The distance of the point \(\mathrm{P}(-2,4,-5)\) from the line \(\frac{x+3}{3}=\frac{y-4}{5}=\frac{z+8}{6}\) is

Since the point is \((-2,4,-5)\),
\(
\therefore \mathrm{a}=-2, \mathrm{~b}=4, \mathrm{c}=-5
\)
Given equation of line is
\(
\frac{x+3}{3}=\frac{y-4}{5}=\frac{z+8}{6}
\)
\(
\therefore \quad x_1=-3, y_1=4, z_1=-8
\)
d.r.s of the line are \(3,5,6\)
\(\therefore\) d.c.s are \(\frac{3}{\sqrt{70}}, \frac{5}{\sqrt{70}}, \frac{6}{\sqrt{70}}\)

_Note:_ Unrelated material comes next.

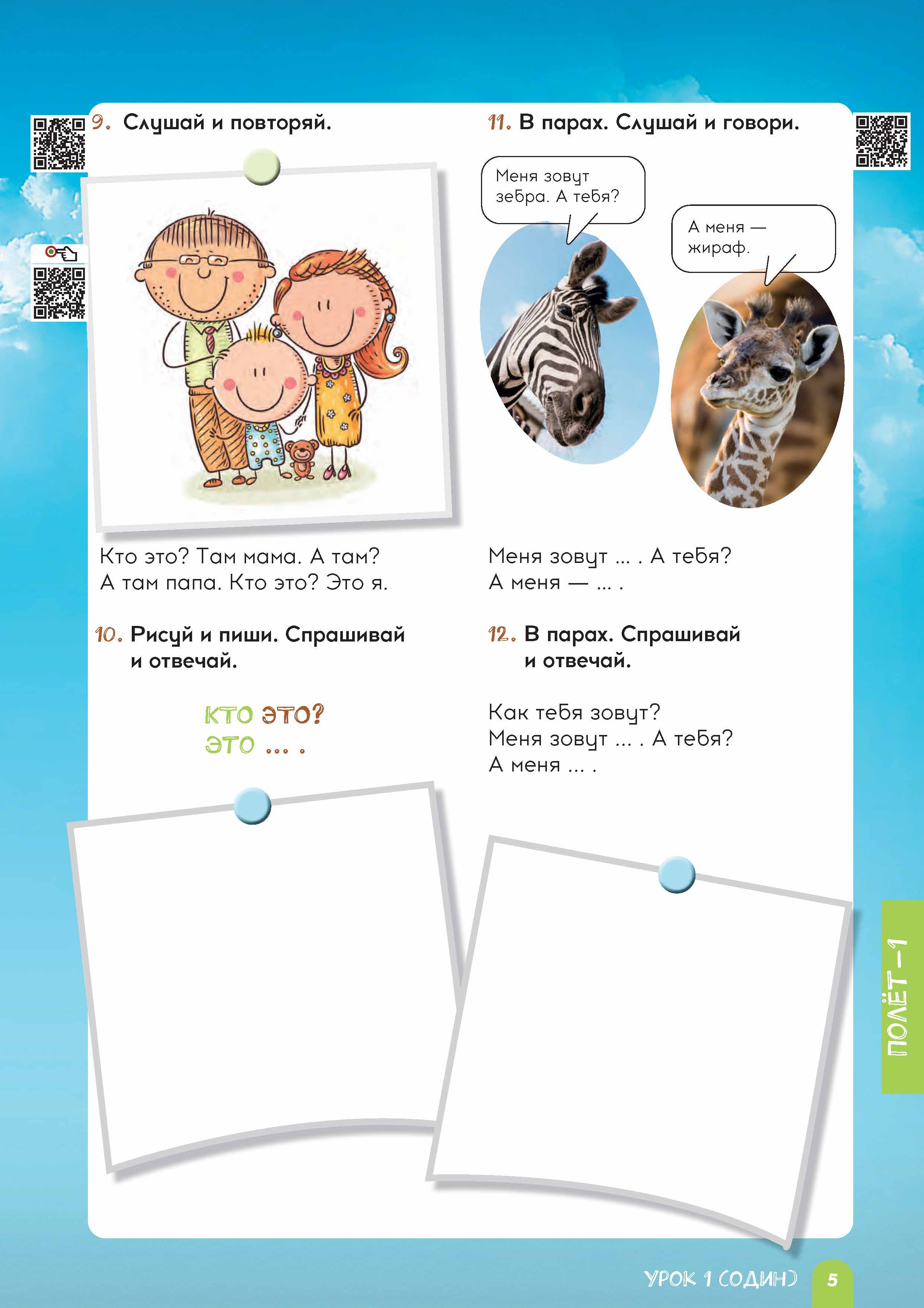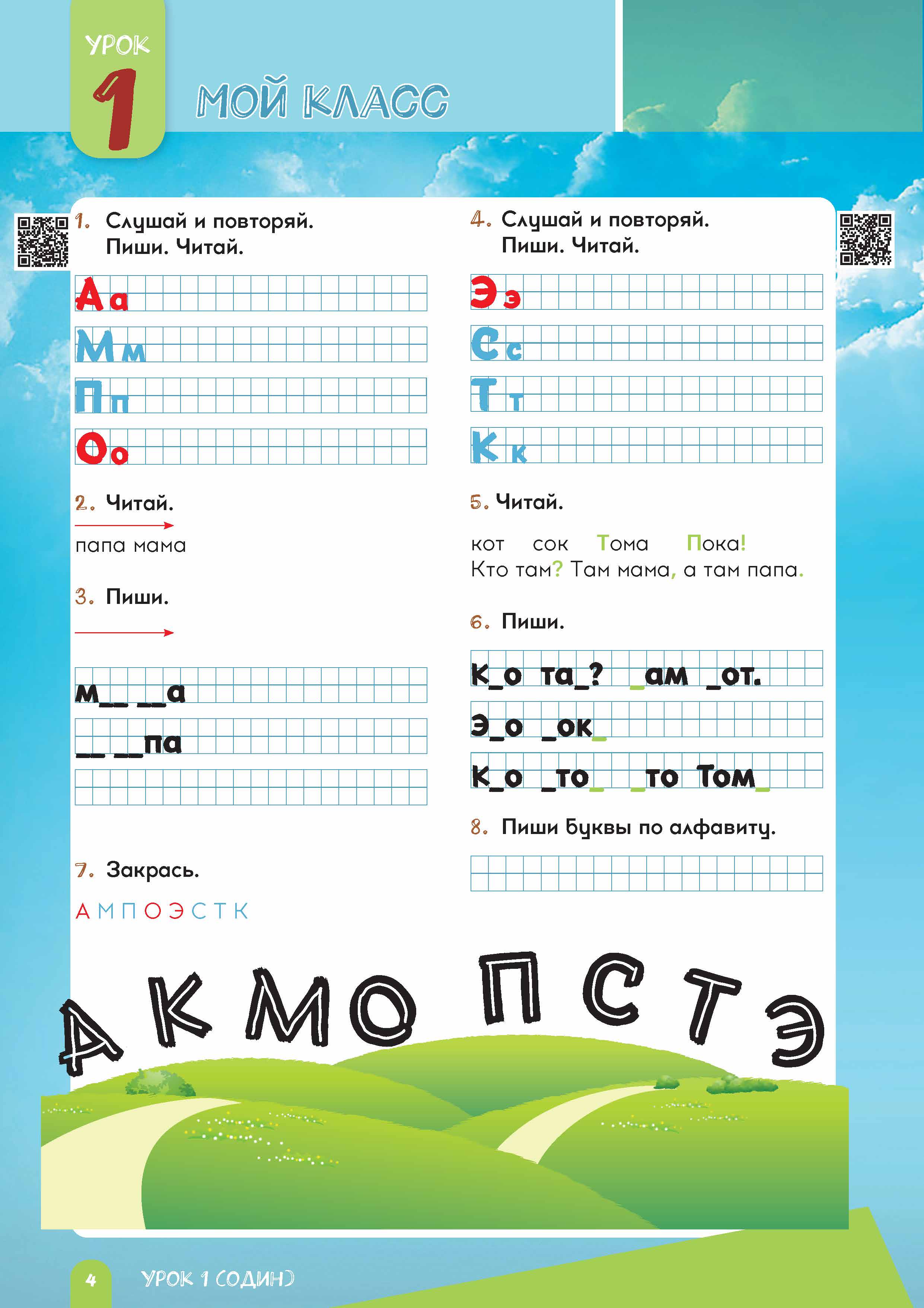 Учебное пособие по русскому языку для детей-иностранцев (РКИ) 1 года обучения возраста 8-9 лет. Уровень А0 - предА1. Использует приёмы CLIL и естественный порядок освоения языка. Рассчитано на 60-70 часов обучения в классе и достижение коммуникативной компетенции на уровне предА1.

Perpendicular distance of point from the line is
\(
\begin{aligned}
& \sqrt{\begin{array}{r}
{\left[\left(\mathrm{a}-x_1\right)^2+\left(\mathrm{b}-y_1\right)^2+\left(\mathrm{c}-\mathrm{z}_1\right)^2\right]} \\
-\left[\left(\mathrm{a}-x_1\right) l+\left(\mathrm{b}-y_1\right) \mathrm{m}+\left(\mathrm{c}-\mathrm{z}_1\right) \mathrm{n}\right]^2
\end{array}} \\
= & \sqrt{1^2+0+3^2-\left[\frac{1(3)}{\sqrt{70}}+\frac{0(5)}{\sqrt{70}}+\frac{3(6)}{\sqrt{70}}\right]^2} \\
= & \sqrt{1+9-\left(\frac{3}{\sqrt{70}}+\frac{18}{\sqrt{70}}\right)^2} \\
= & \sqrt{\frac{37}{10}} \text { units }
\end{aligned}
\)